Rumex fascicularis

Scientific classification
- Kingdom: Plantae
- Clade: Tracheophytes
- Clade: Angiosperms
- Clade: Eudicots
- Order: Caryophyllales
- Family: Polygonaceae
- Genus: Rumex
- Species: R. fascicularis
- Binomial name: Rumex fascicularis Small

= Rumex fascicularis =

- Authority: Small

Species of flowering plant

Rumex fascicularis is a plant from the family Polygonaceae. This specific plant species experiences perennial growth and is originally found in North Carolina.

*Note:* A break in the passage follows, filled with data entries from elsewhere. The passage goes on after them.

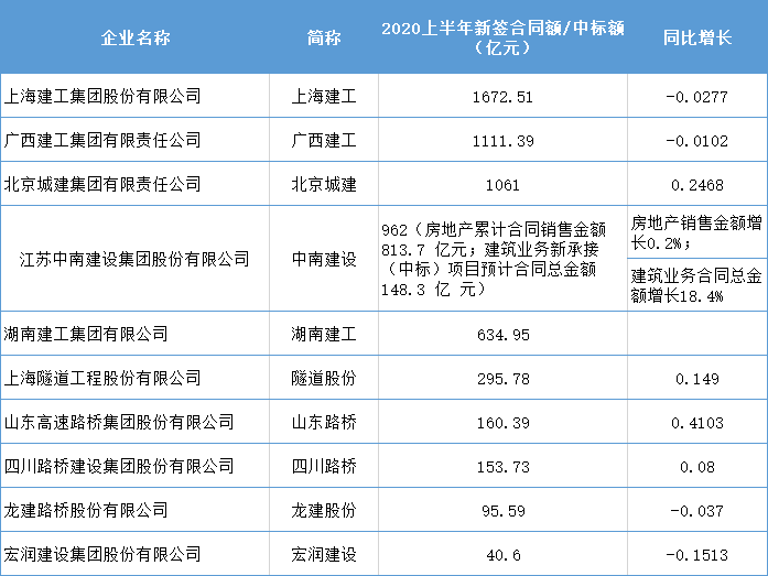 资料来源:各企业半年报、建筑时报、基建通
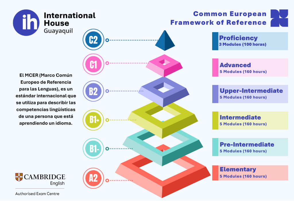 En International House Ecuador nos guiamos por el Marco Común Europeo de Referencia para Idiomas (CEFRL), estándar que establece una serie de niveles para todos los idiomas, a partir de los cuales se facilita la homologación de títulos emitidos por las entidades certificadas, en este caso por la Universidad de Cambridge. Nuestros profesores emplean metodología de la Universidad de Cambridge para impartir clases dinámicas enfocándose en comunicación significativa dentro del salón de clases.
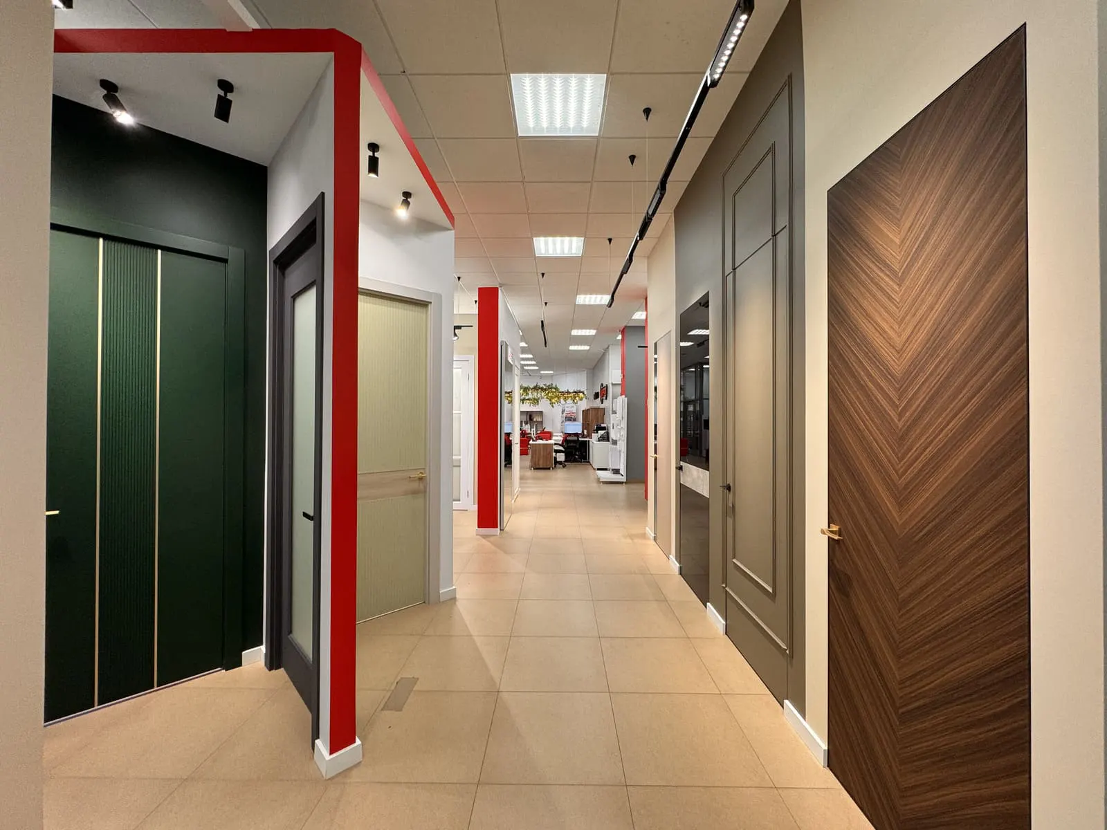 - Большой ассортимент. Мы предлагаем двери в классическом, современном и минималистичном стилях, а также изделия из различных материалов: дерева, МДФ, стали и стекла.
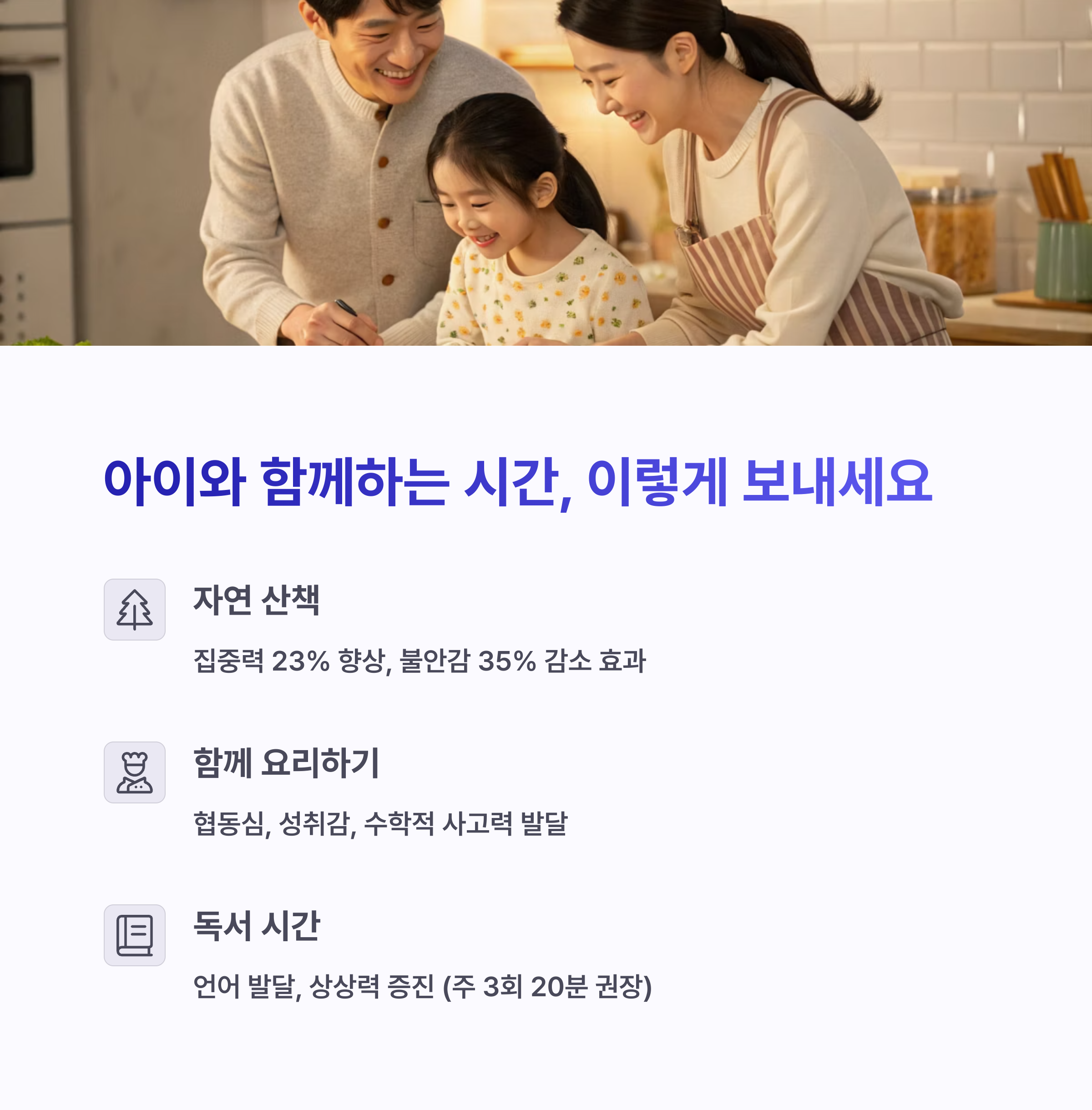 • 📌 안정감: 부모와 함께하는 시간은 자녀에게 심리적 안정감을 제공합니다.
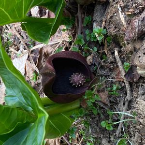 ザゼンソウ。 お坊さんが座禅をしてる姿に、花が似てる事からザゼンソウなんだって。😁🤭
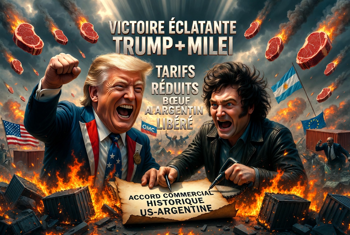 🇺🇸 États-Unis – 🇦🇷 Argentine : Les États-Unis et l’Argentine signent un accord commercial historique réduisant les tarifs réciproques et élargissant les quotas pour le bœuf argentin ! Une victoire éclatante pour Trump et Milei qui accélère l’ouverture de l’économie argentine et renforce l’alliance contre les élites protectionnistes.
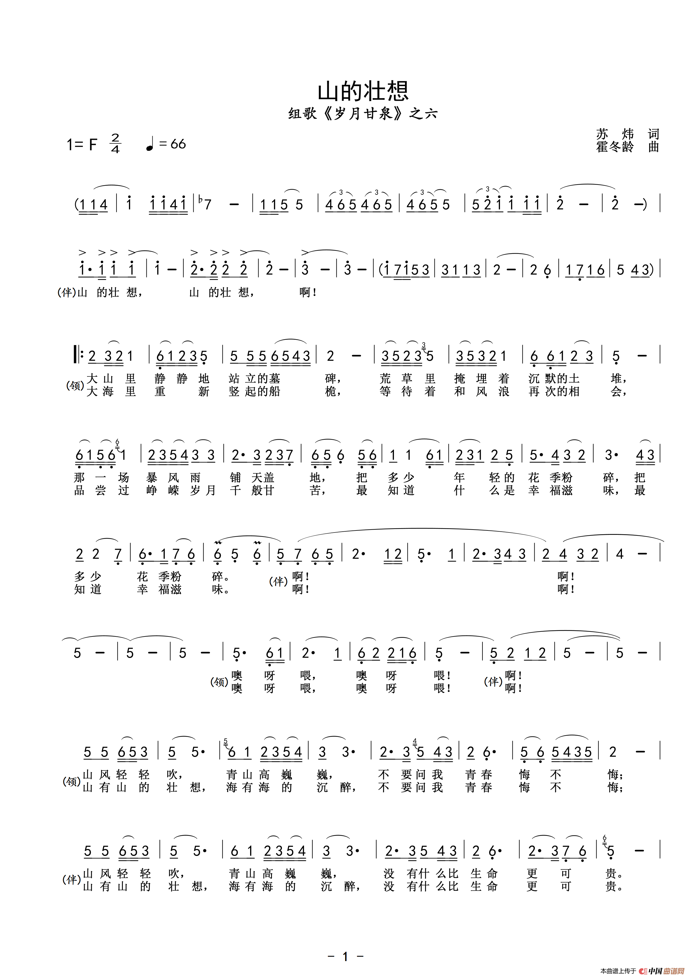 山的壮想(组歌《岁月甘泉》之六)相关五线谱
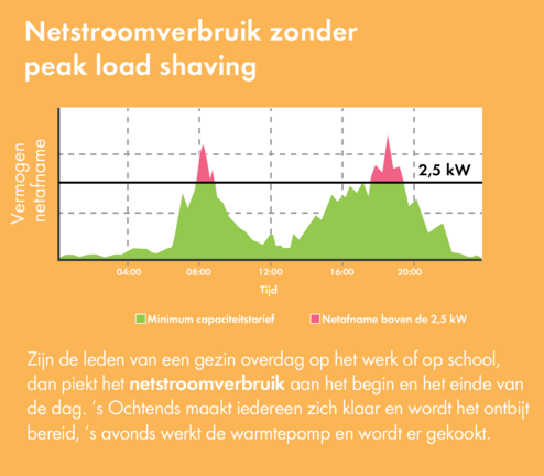 Het capaciteitstarief wordt berekend op basis van het piekverbruik in blokken van 15 minuten en het maximale piekverbruik per kalendermaand. Elke maand opnieuw wordt het gemiddelde berekend van de 12 voorafgaande maandpieken. Die gemiddelde maandpiek bepaalt de hoogte van het capaciteitstarief dat aangerekend wordt. Voor een maandpiek die onder de 2,5 kW blijft, rekent de netbeheerder een minimumbijdrage aan. Het wordt dus cruciaal om het verbruik van netstroom zoveel mogelijk te spreiden zodat de verbruikspieken worden afgevlakt.
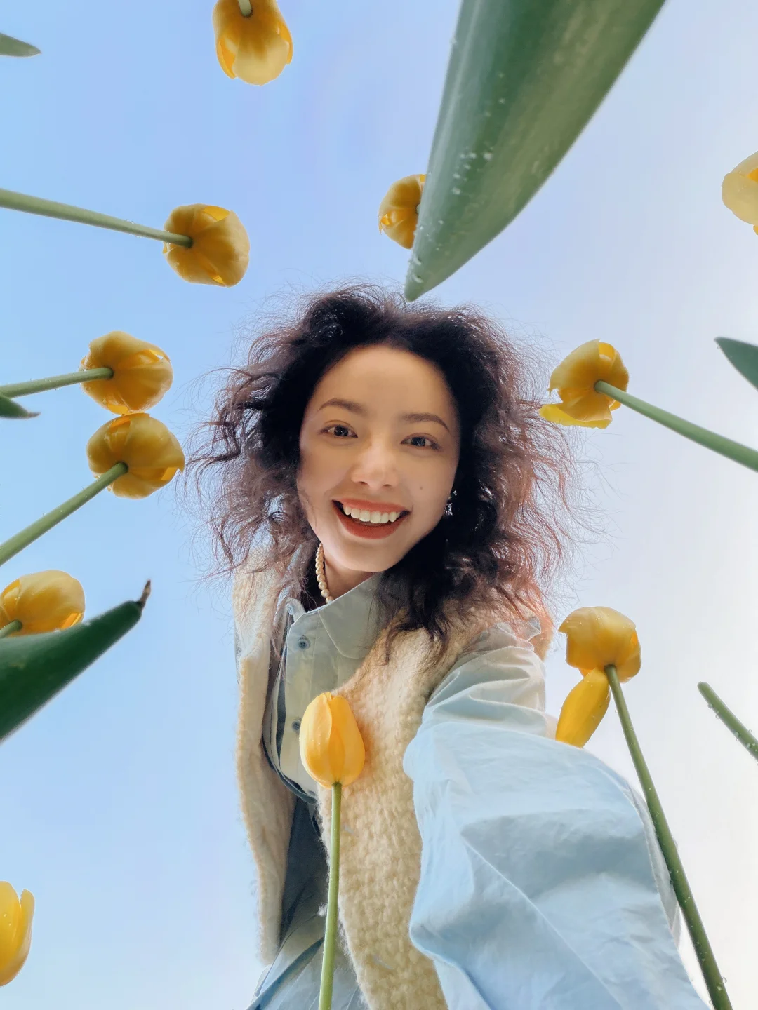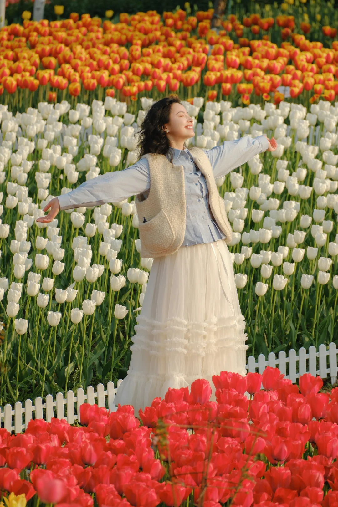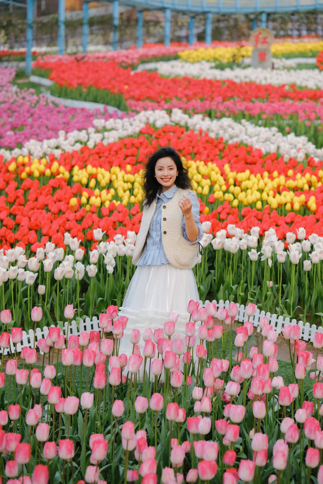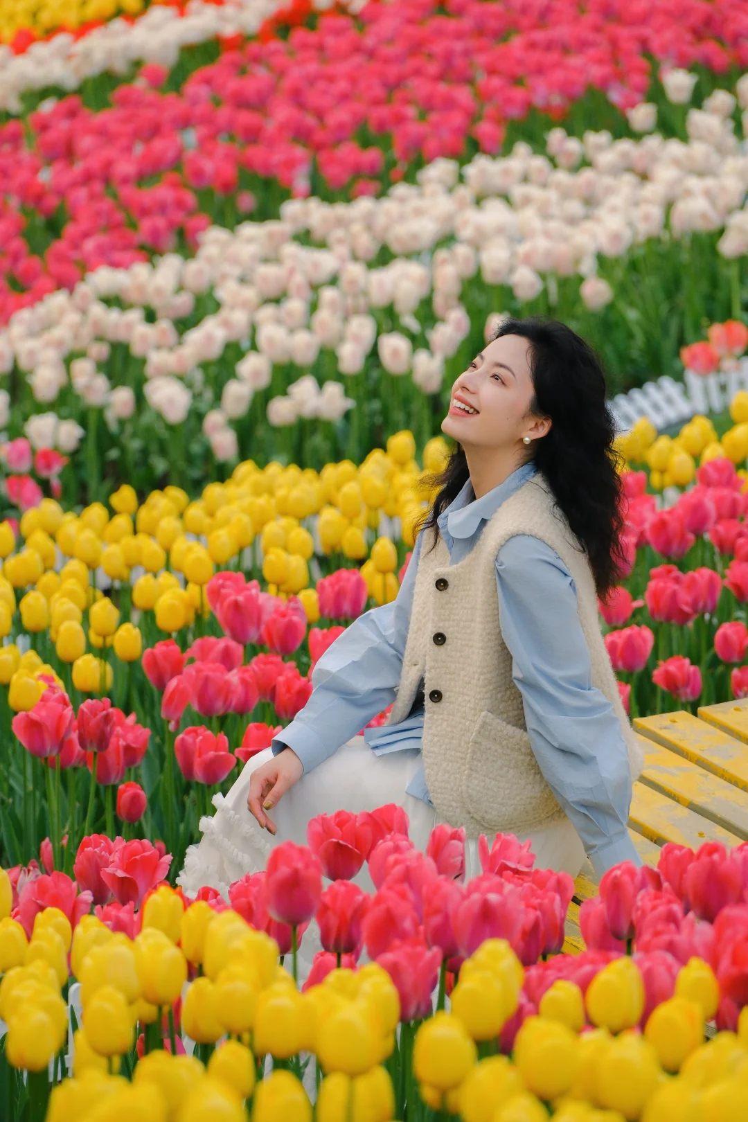 2️⃣没有长焦的朋友,这里的郁金香每一片中间都有空地,找两片坡度比较大的郁金香,人坐在两片郁金香之间,机位略高与头顶,也是可以拍到坐在郁金香花之间的照片
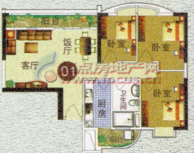 3室2厅1卫-润田雅苑金牌房型A3-01单元
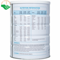 WPC (Whey protein cô đặc), Peptide protein đậu nành, Bột sữa gầy, Dầu dừa, DHA, Dầu hạt hắc mai biển, FOS, Inulin, Nucleotides, L-arginine, Vitamin (Natri L- Ascorbate, dl-a-Tocopherol Acetate, Niacinamide, Canxi. D-Pantothenate, Cyanocobalamin, D-Biotin, Folic Acid, Retinol Palmitate, Thiamine Hydrochloride, Pyridoxine Hydrochloride, Riboflavin, Phytonadione, Cholecalciferol, B-Carotene, Khoáng chất (Kali Chloride, Tricalci phosphat. Canxi Cacbonat, Magie Chloride, Natri Chloride, Kali Citrate, Sắt (II) Sulphate, Mangan Sulphate, Kẽm Sunphat, Đồng Sulphate, Natri Selenite, Kali iodide, Chromium Picolinate, Molybdenum (dưới dang molybdenum amino acid chelate (bột gạo), bột hương cam tự nhiên.
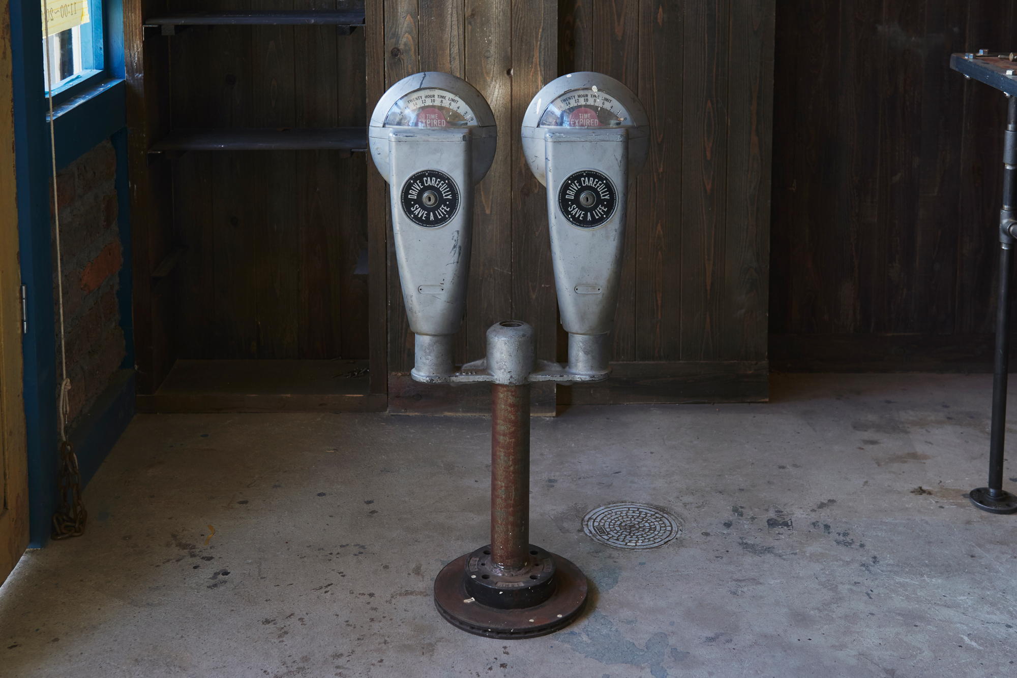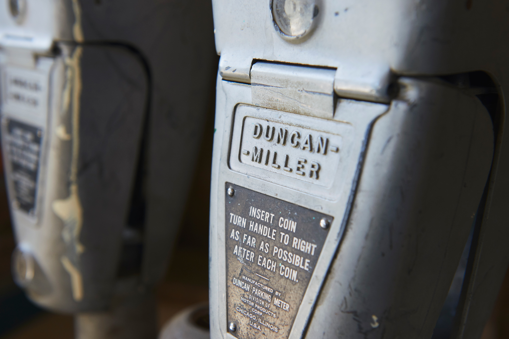 Duncan Miller(ダンカンミラー)社製の脚付きパーキングメーターです。実際に使用されていたものですが、足部分は後付けされたものになります。コンディションは傷やサビ、ペンキ跡などがなんともいえない感じの味わいに。開閉部分の鍵が掛かっておらず開いたままになるのはご愛嬌で。
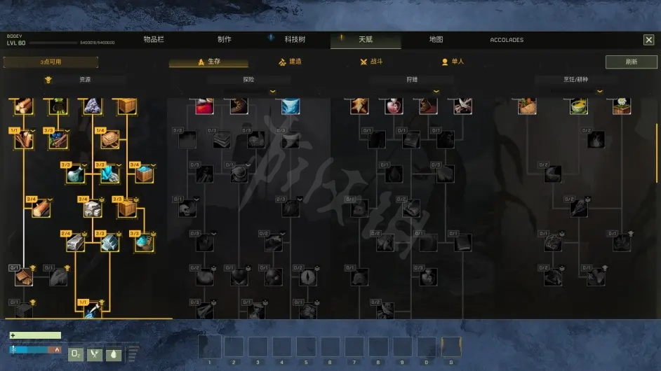 2.0 按下TAB键打开天赋和科技树,开始加点,建议一次性用光当前获取的点数。
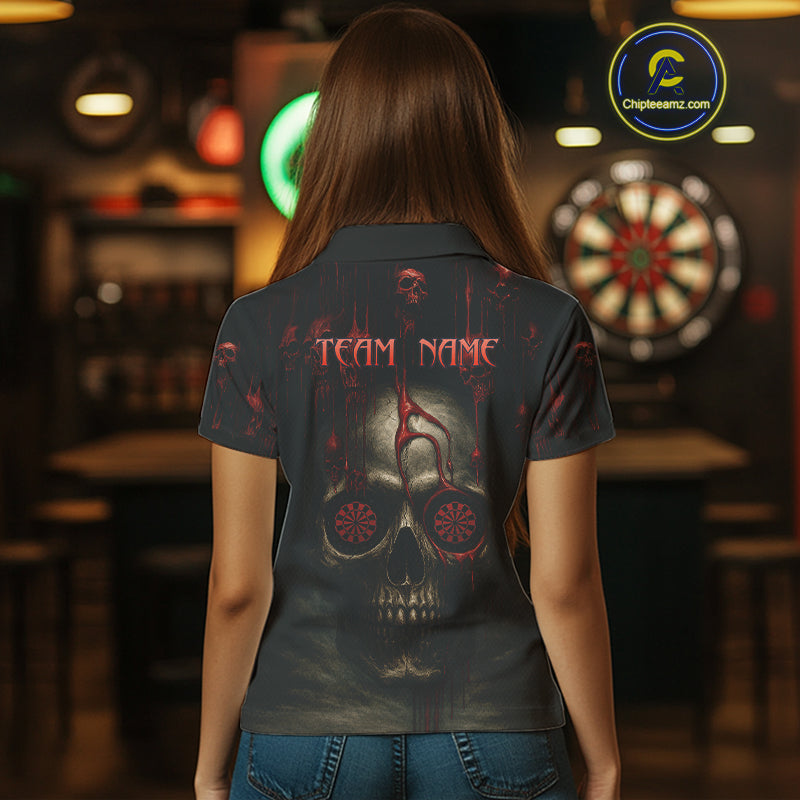 Custom Women's Darts Polo Shirts Red Dripping Blood Skull For Darts Jersey NYN0775
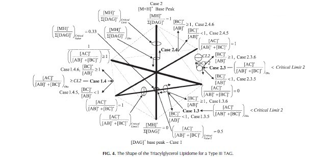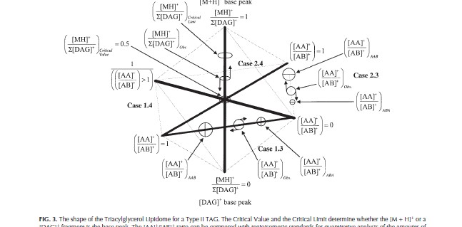 Figure 4 above represents the solution for a Type II TAG. An ABA/AAB triagylglycerol (TAG) is a fat with two chains the same and one different. The [AA]/[AB] ratio gives structural information-- a Critical Ratio.
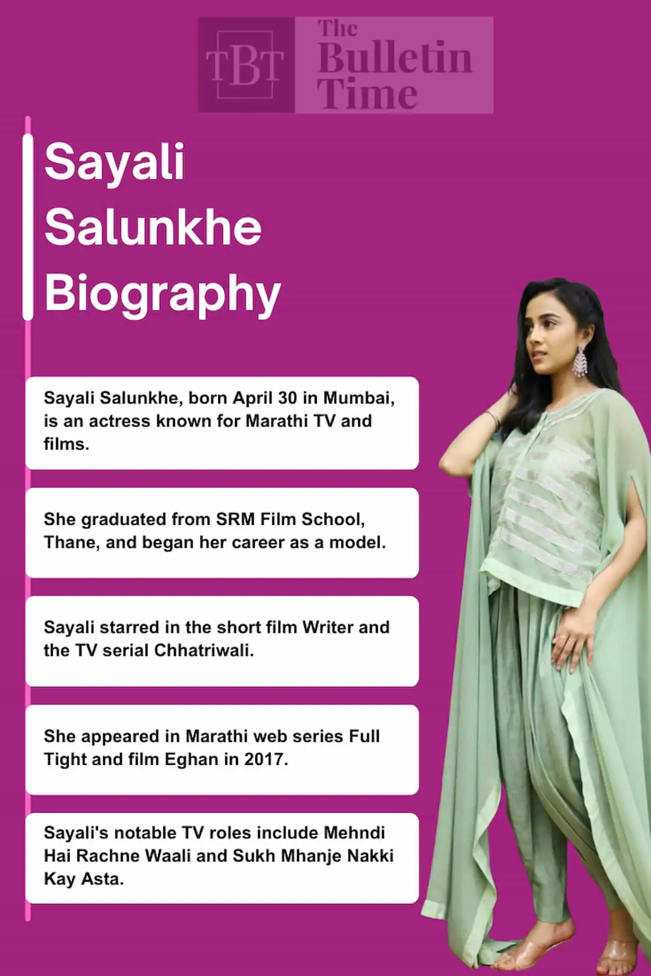 Sayali Salunkhe also appeared in a 2017 Marathi film, Eghan. After graduating, she became a model and entered the entertainment industry.

Rumex fascicularis is from the genus Rumex, which are herbs and it is commonly seen growing near swamps, shores of rivers and lakes.

==Description==

Rumex species are known to grow their tuberous roots in a cluster that ranges from 3–5 cm. Rumex fascicularis is closely related to Rumex verticillatus and Rumex floridanus. It is especially characterized by its taproots, with broad crenate leaves and are generally hermaphrodites. These leaves have teeth like or jagged edges. The leaves, like the roots, are clustered and are unique in shape. There is an inflorescence (petals, sepals and flower all attached at one point on the stem) and as a result of the weak stems, tends to hang over to the side. The stems of the plant are generally weak and grow up to 6 cm but are thicker at the bases. The floral arrangement of Rumex fascicularis goes up to 20 whorls, starting as low as 10. Rumex fascicularis is an angiosperm (flowering plant) whose fruit is slender and very dense.

==Distribution==
Rumex fascicularis can be found growing in swampy areas or along the shores of rivers. In the swamps there is little to no water movement. A sample of this plant discovered by G.V. Nash, was found in Florida along swamps and shorelines. The soil found in the swamp areas have a high nutrient content and may be washed by salt or fresh water. Today Rumex fascicularis can be found in Georgia, Texas and from Ft Smith to Rio Grande all the way to the south of Florida.